Task description: Transcribe the records below word for word, beginning with the first line and stopping after the line that contains "曲谱介绍: 田馥甄《身体都知道》_G调尤克里里谱"; pictures are not part of the copy.

Stored items from a collection:
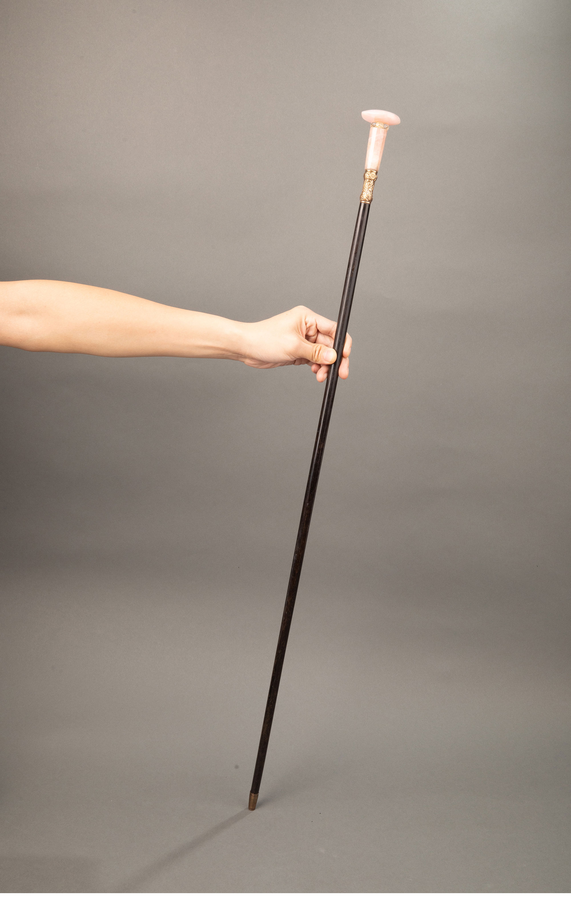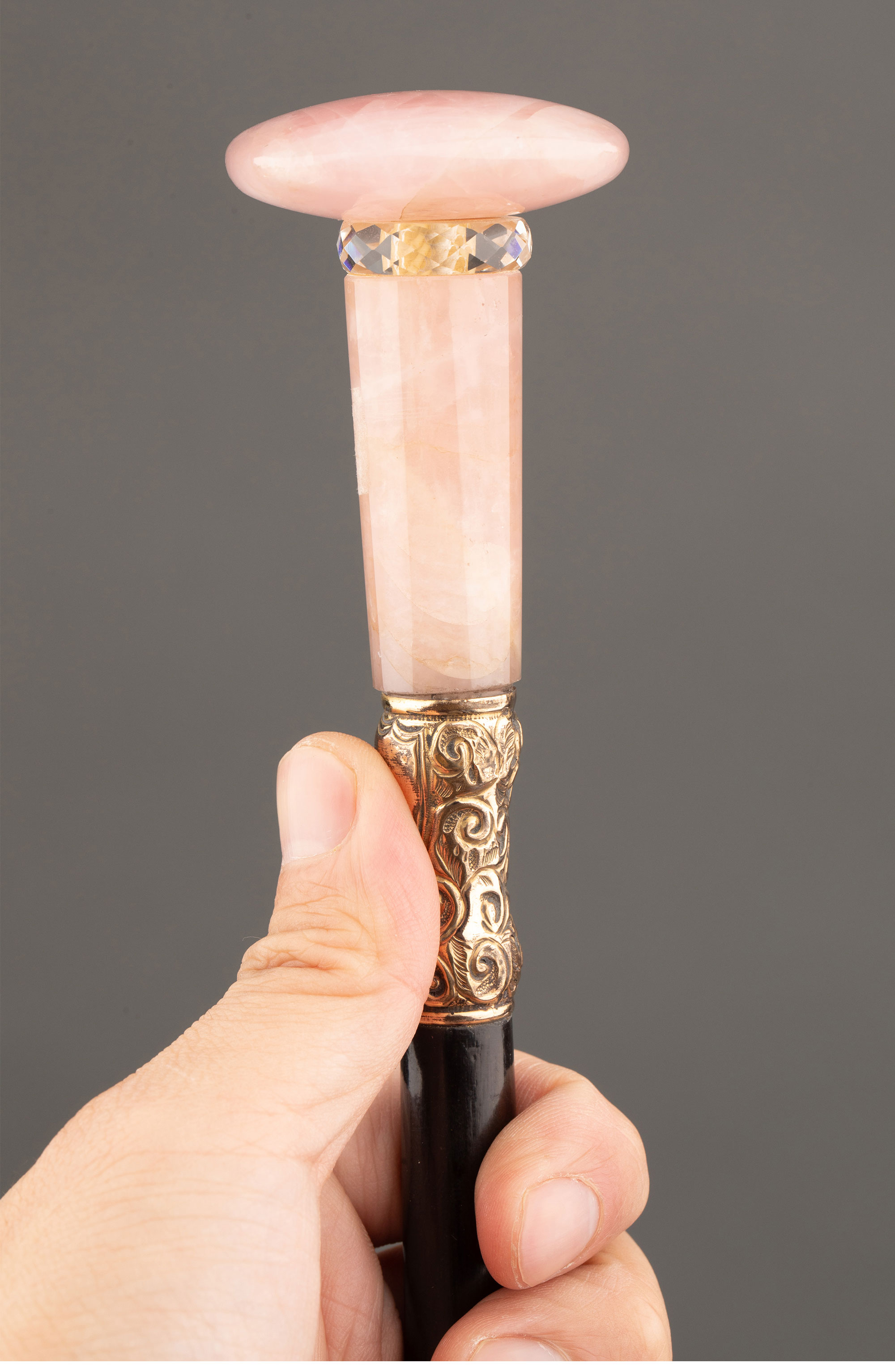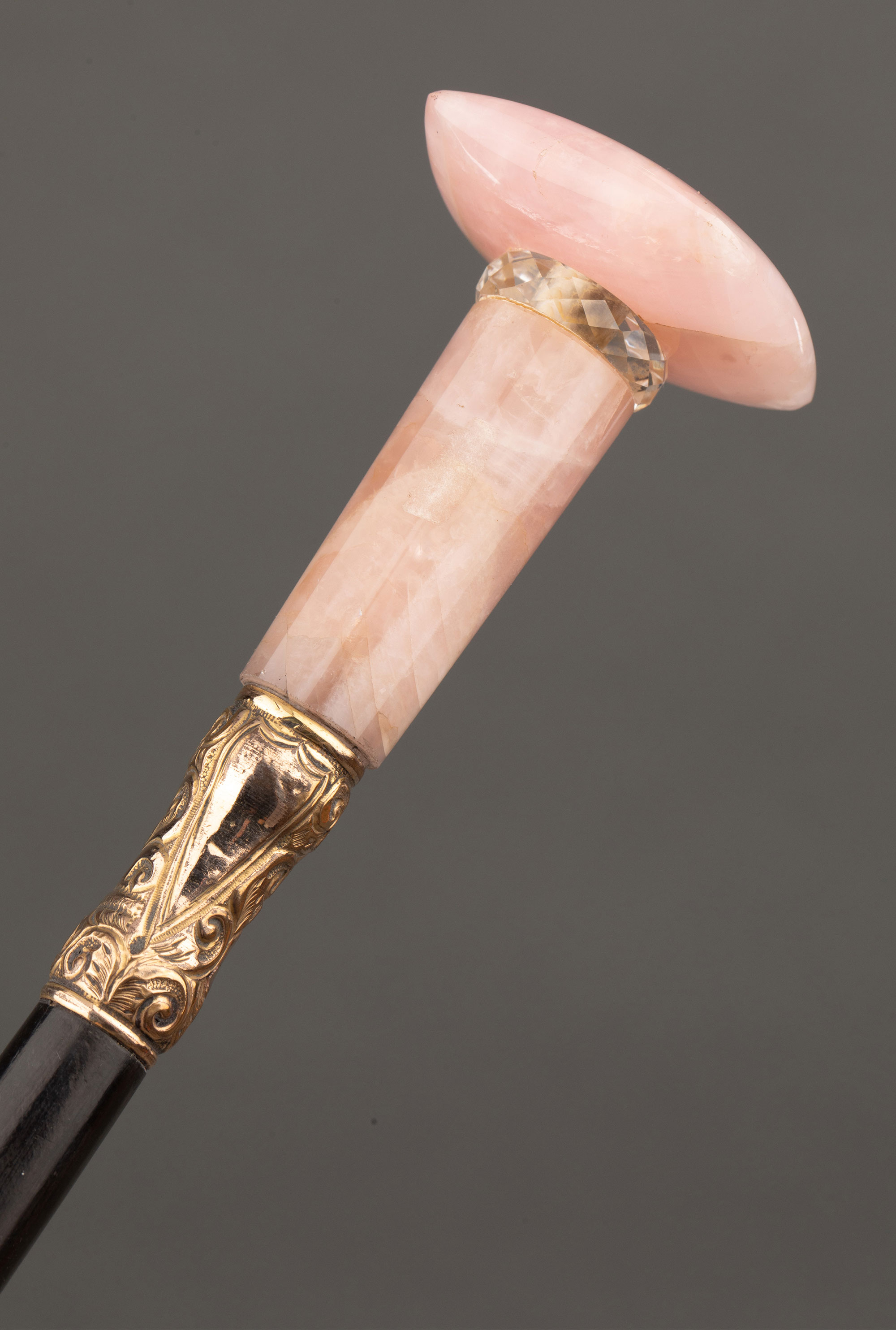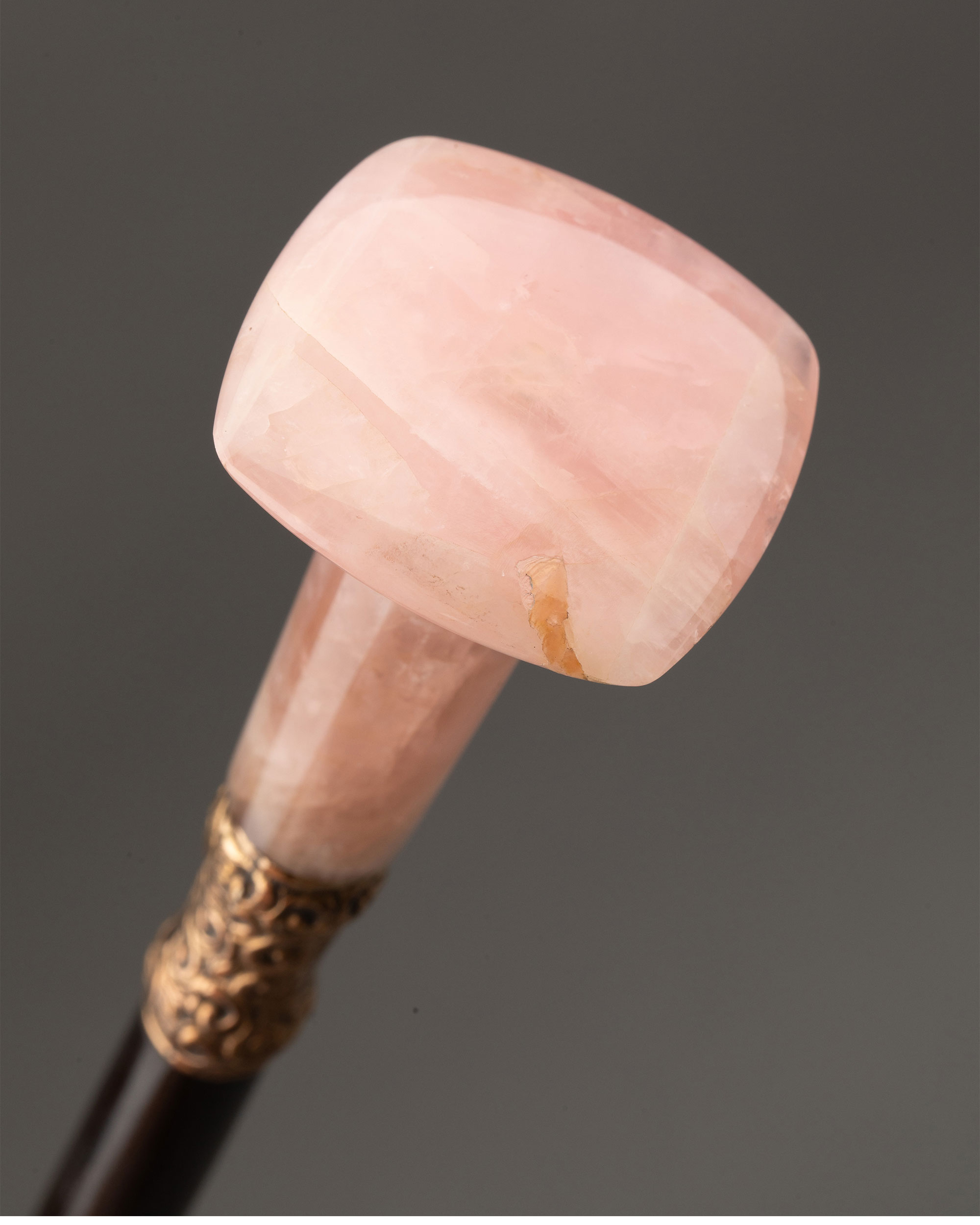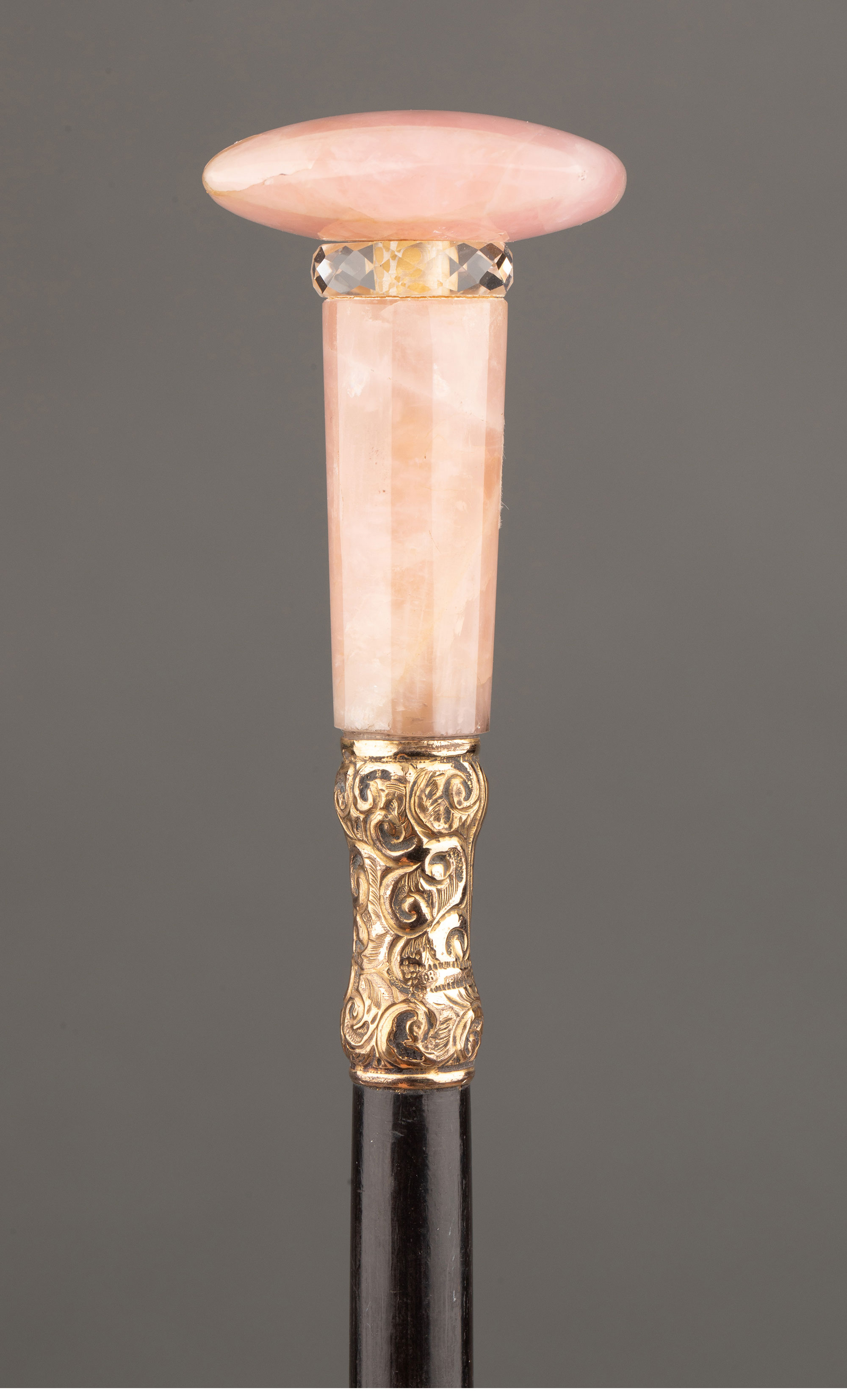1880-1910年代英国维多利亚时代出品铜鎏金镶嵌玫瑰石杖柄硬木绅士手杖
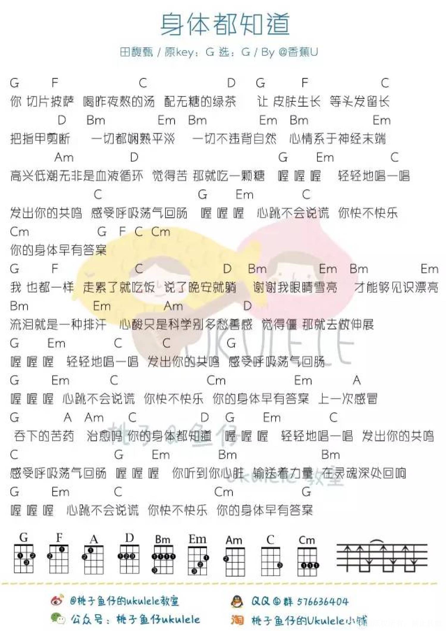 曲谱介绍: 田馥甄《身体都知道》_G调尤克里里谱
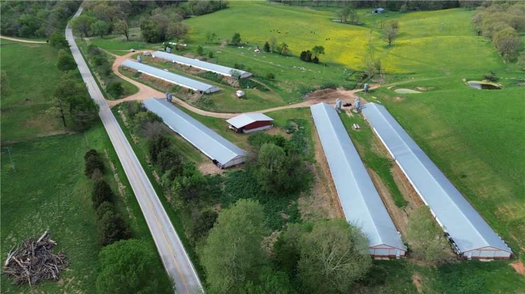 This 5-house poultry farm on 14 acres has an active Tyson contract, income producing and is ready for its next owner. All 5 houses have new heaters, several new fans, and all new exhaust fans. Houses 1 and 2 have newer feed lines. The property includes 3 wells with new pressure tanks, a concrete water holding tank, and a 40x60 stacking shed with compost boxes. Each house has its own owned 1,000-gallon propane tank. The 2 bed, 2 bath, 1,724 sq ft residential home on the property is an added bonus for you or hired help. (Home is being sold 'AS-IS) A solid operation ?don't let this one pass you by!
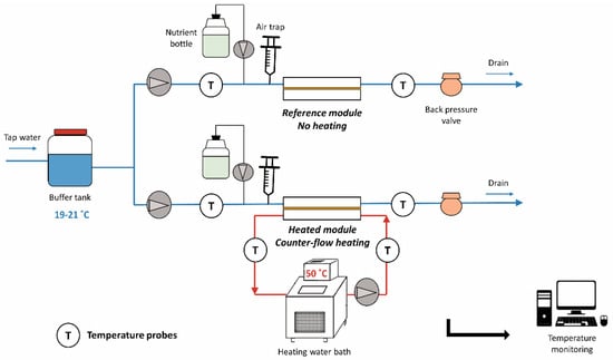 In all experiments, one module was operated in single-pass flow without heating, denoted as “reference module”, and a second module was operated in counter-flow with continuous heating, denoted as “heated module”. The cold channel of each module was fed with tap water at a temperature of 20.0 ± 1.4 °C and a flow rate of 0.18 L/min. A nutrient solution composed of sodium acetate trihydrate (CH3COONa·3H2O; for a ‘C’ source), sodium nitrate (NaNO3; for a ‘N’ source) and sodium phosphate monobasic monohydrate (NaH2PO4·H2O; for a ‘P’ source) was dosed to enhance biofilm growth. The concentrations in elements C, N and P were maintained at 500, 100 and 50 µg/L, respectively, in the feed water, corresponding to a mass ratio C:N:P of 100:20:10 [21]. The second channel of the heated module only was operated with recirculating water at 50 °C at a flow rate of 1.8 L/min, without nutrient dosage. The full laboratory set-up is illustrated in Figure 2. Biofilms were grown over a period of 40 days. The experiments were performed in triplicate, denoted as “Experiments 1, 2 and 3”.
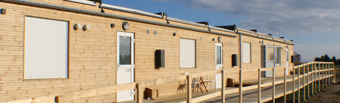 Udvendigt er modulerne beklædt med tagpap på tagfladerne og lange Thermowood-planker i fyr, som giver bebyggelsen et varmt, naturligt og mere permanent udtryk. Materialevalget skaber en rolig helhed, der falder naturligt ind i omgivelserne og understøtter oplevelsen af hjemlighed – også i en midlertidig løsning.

Finished task:
1880-1910年代英国维多利亚时代出品铜鎏金镶嵌玫瑰石杖柄硬木绅士手杖
 曲谱介绍: 田馥甄《身体都知道》_G调尤克里里谱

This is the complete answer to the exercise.